Exercise description: An exact, complete copy of the data that follows is needed.

Records for processing section start

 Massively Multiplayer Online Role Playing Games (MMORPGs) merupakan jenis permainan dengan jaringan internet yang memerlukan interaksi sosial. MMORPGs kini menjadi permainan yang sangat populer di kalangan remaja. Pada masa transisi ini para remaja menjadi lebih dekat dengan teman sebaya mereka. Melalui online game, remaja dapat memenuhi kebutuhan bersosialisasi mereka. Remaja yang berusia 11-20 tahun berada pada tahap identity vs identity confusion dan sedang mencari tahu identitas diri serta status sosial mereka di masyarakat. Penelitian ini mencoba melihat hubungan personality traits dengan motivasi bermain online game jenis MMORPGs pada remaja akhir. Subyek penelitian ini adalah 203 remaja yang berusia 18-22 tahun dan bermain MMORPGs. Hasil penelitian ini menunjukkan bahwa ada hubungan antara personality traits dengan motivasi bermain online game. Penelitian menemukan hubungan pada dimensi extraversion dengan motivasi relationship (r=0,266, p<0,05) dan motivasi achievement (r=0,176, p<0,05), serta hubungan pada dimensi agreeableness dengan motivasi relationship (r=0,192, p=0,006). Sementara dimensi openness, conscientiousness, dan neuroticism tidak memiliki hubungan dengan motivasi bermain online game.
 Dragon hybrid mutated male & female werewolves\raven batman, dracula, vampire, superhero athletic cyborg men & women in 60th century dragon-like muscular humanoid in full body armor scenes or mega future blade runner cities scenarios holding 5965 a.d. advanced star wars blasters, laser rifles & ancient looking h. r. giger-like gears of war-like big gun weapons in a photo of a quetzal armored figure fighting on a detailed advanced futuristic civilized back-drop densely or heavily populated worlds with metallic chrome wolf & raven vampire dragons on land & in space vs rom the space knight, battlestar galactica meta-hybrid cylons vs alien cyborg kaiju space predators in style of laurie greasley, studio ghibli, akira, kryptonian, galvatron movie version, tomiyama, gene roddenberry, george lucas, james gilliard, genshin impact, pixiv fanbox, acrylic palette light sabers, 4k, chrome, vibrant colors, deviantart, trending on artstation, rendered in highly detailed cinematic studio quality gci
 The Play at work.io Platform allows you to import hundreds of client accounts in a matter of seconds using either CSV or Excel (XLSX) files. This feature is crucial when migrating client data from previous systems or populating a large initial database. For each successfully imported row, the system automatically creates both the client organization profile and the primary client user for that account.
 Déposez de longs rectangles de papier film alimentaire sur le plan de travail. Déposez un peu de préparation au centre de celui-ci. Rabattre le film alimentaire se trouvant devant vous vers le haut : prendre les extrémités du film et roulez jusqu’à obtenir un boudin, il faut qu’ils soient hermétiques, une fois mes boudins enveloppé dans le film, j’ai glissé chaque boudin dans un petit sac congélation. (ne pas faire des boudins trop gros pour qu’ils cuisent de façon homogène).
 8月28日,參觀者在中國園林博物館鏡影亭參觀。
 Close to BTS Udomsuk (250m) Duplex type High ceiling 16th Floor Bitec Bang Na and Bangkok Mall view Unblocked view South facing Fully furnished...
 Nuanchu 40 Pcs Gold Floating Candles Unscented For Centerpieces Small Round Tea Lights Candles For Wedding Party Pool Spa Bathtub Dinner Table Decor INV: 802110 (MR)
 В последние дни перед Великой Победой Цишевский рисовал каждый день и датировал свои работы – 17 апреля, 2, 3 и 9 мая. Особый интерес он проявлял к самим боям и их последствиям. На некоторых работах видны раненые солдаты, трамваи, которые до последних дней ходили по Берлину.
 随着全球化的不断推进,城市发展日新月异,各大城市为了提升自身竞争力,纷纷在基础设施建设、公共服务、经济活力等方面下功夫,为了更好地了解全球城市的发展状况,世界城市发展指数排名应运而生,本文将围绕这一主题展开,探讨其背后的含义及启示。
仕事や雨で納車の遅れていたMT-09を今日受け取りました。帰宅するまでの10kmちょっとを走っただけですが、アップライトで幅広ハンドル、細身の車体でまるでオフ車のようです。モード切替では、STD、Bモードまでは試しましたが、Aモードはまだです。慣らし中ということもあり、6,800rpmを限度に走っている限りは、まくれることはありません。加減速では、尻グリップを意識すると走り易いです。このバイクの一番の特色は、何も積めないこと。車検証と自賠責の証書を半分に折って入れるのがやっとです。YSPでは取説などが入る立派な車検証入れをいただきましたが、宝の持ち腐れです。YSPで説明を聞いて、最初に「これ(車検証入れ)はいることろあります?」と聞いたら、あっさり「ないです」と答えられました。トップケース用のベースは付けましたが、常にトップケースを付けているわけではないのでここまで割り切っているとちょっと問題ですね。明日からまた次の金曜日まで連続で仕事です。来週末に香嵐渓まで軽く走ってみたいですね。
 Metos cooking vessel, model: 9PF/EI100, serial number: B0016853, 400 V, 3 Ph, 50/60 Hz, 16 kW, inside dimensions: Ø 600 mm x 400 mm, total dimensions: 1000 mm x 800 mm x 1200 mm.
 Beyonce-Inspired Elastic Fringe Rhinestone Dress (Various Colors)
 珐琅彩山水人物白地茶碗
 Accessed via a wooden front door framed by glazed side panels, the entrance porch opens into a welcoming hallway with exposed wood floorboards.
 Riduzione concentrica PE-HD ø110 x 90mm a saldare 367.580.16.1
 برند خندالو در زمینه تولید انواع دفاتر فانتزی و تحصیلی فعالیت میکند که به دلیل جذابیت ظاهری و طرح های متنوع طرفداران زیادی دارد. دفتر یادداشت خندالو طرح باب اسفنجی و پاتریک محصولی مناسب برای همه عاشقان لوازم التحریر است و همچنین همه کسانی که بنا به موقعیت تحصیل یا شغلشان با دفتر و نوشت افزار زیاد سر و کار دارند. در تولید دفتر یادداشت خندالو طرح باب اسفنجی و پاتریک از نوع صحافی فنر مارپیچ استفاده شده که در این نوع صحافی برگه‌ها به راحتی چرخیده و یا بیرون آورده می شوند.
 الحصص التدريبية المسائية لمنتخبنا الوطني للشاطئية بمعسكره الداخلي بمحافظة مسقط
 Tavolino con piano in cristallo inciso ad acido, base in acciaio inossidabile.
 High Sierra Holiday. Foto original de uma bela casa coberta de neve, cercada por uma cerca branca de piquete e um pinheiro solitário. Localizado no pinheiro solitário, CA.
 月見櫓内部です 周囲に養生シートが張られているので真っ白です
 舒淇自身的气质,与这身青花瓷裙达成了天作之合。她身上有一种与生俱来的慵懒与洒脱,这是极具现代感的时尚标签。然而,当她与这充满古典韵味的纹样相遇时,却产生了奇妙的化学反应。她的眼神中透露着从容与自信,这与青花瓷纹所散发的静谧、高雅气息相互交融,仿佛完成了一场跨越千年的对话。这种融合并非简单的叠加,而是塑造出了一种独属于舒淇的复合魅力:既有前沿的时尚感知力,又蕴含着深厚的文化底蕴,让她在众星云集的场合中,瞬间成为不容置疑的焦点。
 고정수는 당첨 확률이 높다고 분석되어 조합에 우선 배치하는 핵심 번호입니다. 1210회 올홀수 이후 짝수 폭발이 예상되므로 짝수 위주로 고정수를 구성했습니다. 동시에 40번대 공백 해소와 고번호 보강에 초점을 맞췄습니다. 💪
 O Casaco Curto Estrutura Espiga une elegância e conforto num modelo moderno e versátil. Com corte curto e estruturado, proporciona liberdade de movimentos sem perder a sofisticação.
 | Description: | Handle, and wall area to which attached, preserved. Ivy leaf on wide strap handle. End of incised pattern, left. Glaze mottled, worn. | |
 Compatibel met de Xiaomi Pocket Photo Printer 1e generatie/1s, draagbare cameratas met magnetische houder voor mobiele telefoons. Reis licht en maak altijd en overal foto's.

Records for processing section end

Reply:
 Massively Multiplayer Online Role Playing Games (MMORPGs) merupakan jenis permainan dengan jaringan internet yang memerlukan interaksi sosial. MMORPGs kini menjadi permainan yang sangat populer di kalangan remaja. Pada masa transisi ini para remaja menjadi lebih dekat dengan teman sebaya mereka. Melalui online game, remaja dapat memenuhi kebutuhan bersosialisasi mereka. Remaja yang berusia 11-20 tahun berada pada tahap identity vs identity confusion dan sedang mencari tahu identitas diri serta status sosial mereka di masyarakat. Penelitian ini mencoba melihat hubungan personality traits dengan motivasi bermain online game jenis MMORPGs pada remaja akhir. Subyek penelitian ini adalah 203 remaja yang berusia 18-22 tahun dan bermain MMORPGs. Hasil penelitian ini menunjukkan bahwa ada hubungan antara personality traits dengan motivasi bermain online game. Penelitian menemukan hubungan pada dimensi extraversion dengan motivasi relationship (r=0,266, p<0,05) dan motivasi achievement (r=0,176, p<0,05), serta hubungan pada dimensi agreeableness dengan motivasi relationship (r=0,192, p=0,006). Sementara dimensi openness, conscientiousness, dan neuroticism tidak memiliki hubungan dengan motivasi bermain online game.
 Dragon hybrid mutated male & female werewolves\raven batman, dracula, vampire, superhero athletic cyborg men & women in 60th century dragon-like muscular humanoid in full body armor scenes or mega future blade runner cities scenarios holding 5965 a.d. advanced star wars blasters, laser rifles & ancient looking h. r. giger-like gears of war-like big gun weapons in a photo of a quetzal armored figure fighting on a detailed advanced futuristic civilized back-drop densely or heavily populated worlds with metallic chrome wolf & raven vampire dragons on land & in space vs rom the space knight, battlestar galactica meta-hybrid cylons vs alien cyborg kaiju space predators in style of laurie greasley, studio ghibli, akira, kryptonian, galvatron movie version, tomiyama, gene roddenberry, george lucas, james gilliard, genshin impact, pixiv fanbox, acrylic palette light sabers, 4k, chrome, vibrant colors, deviantart, trending on artstation, rendered in highly detailed cinematic studio quality gci
 The Play at work.io Platform allows you to import hundreds of client accounts in a matter of seconds using either CSV or Excel (XLSX) files. This feature is crucial when migrating client data from previous systems or populating a large initial database. For each successfully imported row, the system automatically creates both the client organization profile and the primary client user for that account.
 Déposez de longs rectangles de papier film alimentaire sur le plan de travail. Déposez un peu de préparation au centre de celui-ci. Rabattre le film alimentaire se trouvant devant vous vers le haut : prendre les extrémités du film et roulez jusqu’à obtenir un boudin, il faut qu’ils soient hermétiques, une fois mes boudins enveloppé dans le film, j’ai glissé chaque boudin dans un petit sac congélation. (ne pas faire des boudins trop gros pour qu’ils cuisent de façon homogène).
 8月28日,參觀者在中國園林博物館鏡影亭參觀。
 Close to BTS Udomsuk (250m) Duplex type High ceiling 16th Floor Bitec Bang Na and Bangkok Mall view Unblocked view South facing Fully furnished...
 Nuanchu 40 Pcs Gold Floating Candles Unscented For Centerpieces Small Round Tea Lights Candles For Wedding Party Pool Spa Bathtub Dinner Table Decor INV: 802110 (MR)
 В последние дни перед Великой Победой Цишевский рисовал каждый день и датировал свои работы – 17 апреля, 2, 3 и 9 мая. Особый интерес он проявлял к самим боям и их последствиям. На некоторых работах видны раненые солдаты, трамваи, которые до последних дней ходили по Берлину.
 随着全球化的不断推进,城市发展日新月异,各大城市为了提升自身竞争力,纷纷在基础设施建设、公共服务、经济活力等方面下功夫,为了更好地了解全球城市的发展状况,世界城市发展指数排名应运而生,本文将围绕这一主题展开,探讨其背后的含义及启示。
仕事や雨で納車の遅れていたMT-09を今日受け取りました。帰宅するまでの10kmちょっとを走っただけですが、アップライトで幅広ハンドル、細身の車体でまるでオフ車のようです。モード切替では、STD、Bモードまでは試しましたが、Aモードはまだです。慣らし中ということもあり、6,800rpmを限度に走っている限りは、まくれることはありません。加減速では、尻グリップを意識すると走り易いです。このバイクの一番の特色は、何も積めないこと。車検証と自賠責の証書を半分に折って入れるのがやっとです。YSPでは取説などが入る立派な車検証入れをいただきましたが、宝の持ち腐れです。YSPで説明を聞いて、最初に「これ(車検証入れ)はいることろあります?」と聞いたら、あっさり「ないです」と答えられました。トップケース用のベースは付けましたが、常にトップケースを付けているわけではないのでここまで割り切っているとちょっと問題ですね。明日からまた次の金曜日まで連続で仕事です。来週末に香嵐渓まで軽く走ってみたいですね。
 Metos cooking vessel, model: 9PF/EI100, serial number: B0016853, 400 V, 3 Ph, 50/60 Hz, 16 kW, inside dimensions: Ø 600 mm x 400 mm, total dimensions: 1000 mm x 800 mm x 1200 mm.
 Beyonce-Inspired Elastic Fringe Rhinestone Dress (Various Colors)
 珐琅彩山水人物白地茶碗
 Accessed via a wooden front door framed by glazed side panels, the entrance porch opens into a welcoming hallway with exposed wood floorboards.
 Riduzione concentrica PE-HD ø110 x 90mm a saldare 367.580.16.1
 برند خندالو در زمینه تولید انواع دفاتر فانتزی و تحصیلی فعالیت میکند که به دلیل جذابیت ظاهری و طرح های متنوع طرفداران زیادی دارد. دفتر یادداشت خندالو طرح باب اسفنجی و پاتریک محصولی مناسب برای همه عاشقان لوازم التحریر است و همچنین همه کسانی که بنا به موقعیت تحصیل یا شغلشان با دفتر و نوشت افزار زیاد سر و کار دارند. در تولید دفتر یادداشت خندالو طرح باب اسفنجی و پاتریک از نوع صحافی فنر مارپیچ استفاده شده که در این نوع صحافی برگه‌ها به راحتی چرخیده و یا بیرون آورده می شوند.
 الحصص التدريبية المسائية لمنتخبنا الوطني للشاطئية بمعسكره الداخلي بمحافظة مسقط
 Tavolino con piano in cristallo inciso ad acido, base in acciaio inossidabile.
 High Sierra Holiday. Foto original de uma bela casa coberta de neve, cercada por uma cerca branca de piquete e um pinheiro solitário. Localizado no pinheiro solitário, CA.
 月見櫓内部です 周囲に養生シートが張られているので真っ白です
 舒淇自身的气质,与这身青花瓷裙达成了天作之合。她身上有一种与生俱来的慵懒与洒脱,这是极具现代感的时尚标签。然而,当她与这充满古典韵味的纹样相遇时,却产生了奇妙的化学反应。她的眼神中透露着从容与自信,这与青花瓷纹所散发的静谧、高雅气息相互交融,仿佛完成了一场跨越千年的对话。这种融合并非简单的叠加,而是塑造出了一种独属于舒淇的复合魅力:既有前沿的时尚感知力,又蕴含着深厚的文化底蕴,让她在众星云集的场合中,瞬间成为不容置疑的焦点。
 고정수는 당첨 확률이 높다고 분석되어 조합에 우선 배치하는 핵심 번호입니다. 1210회 올홀수 이후 짝수 폭발이 예상되므로 짝수 위주로 고정수를 구성했습니다. 동시에 40번대 공백 해소와 고번호 보강에 초점을 맞췄습니다. 💪
 O Casaco Curto Estrutura Espiga une elegância e conforto num modelo moderno e versátil. Com corte curto e estruturado, proporciona liberdade de movimentos sem perder a sofisticação.
 | Description: | Handle, and wall area to which attached, preserved. Ivy leaf on wide strap handle. End of incised pattern, left. Glaze mottled, worn. | |
 Compatibel met de Xiaomi Pocket Photo Printer 1e generatie/1s, draagbare cameratas met magnetische houder voor mobiele telefoons. Reis licht en maak altijd en overal foto's.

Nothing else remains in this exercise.